Record set:
•••••
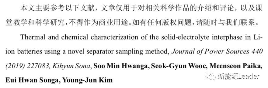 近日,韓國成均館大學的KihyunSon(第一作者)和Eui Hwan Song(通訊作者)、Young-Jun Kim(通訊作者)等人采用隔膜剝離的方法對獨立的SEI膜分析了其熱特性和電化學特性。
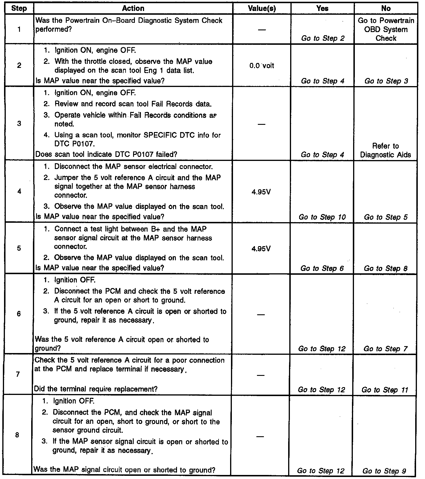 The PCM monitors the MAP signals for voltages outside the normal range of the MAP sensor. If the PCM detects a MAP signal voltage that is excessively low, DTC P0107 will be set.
•••••
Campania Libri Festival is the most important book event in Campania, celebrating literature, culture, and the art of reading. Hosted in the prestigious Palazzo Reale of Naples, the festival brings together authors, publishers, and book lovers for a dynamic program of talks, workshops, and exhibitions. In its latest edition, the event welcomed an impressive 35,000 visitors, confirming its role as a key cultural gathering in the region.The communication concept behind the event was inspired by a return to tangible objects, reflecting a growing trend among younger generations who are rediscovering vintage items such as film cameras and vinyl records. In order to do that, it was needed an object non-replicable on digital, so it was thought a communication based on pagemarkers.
•••••
Your task: Set down again, exactly, every line above from the one with "近日,韓國成均館大學的KihyunSon(第一作者)和Eui Hwan Song(通訊作者)、Young-Jun" down to the one with "The PCM monitors", both ends included. No pictures, and nothing else.

Exercise solution:
 近日,韓國成均館大學的KihyunSon(第一作者)和Eui Hwan Song(通訊作者)、Young-Jun Kim(通訊作者)等人采用隔膜剝離的方法對獨立的SEI膜分析了其熱特性和電化學特性。
 The PCM monitors the MAP signals for voltages outside the normal range of the MAP sensor. If the PCM detects a MAP signal voltage that is excessively low, DTC P0107 will be set.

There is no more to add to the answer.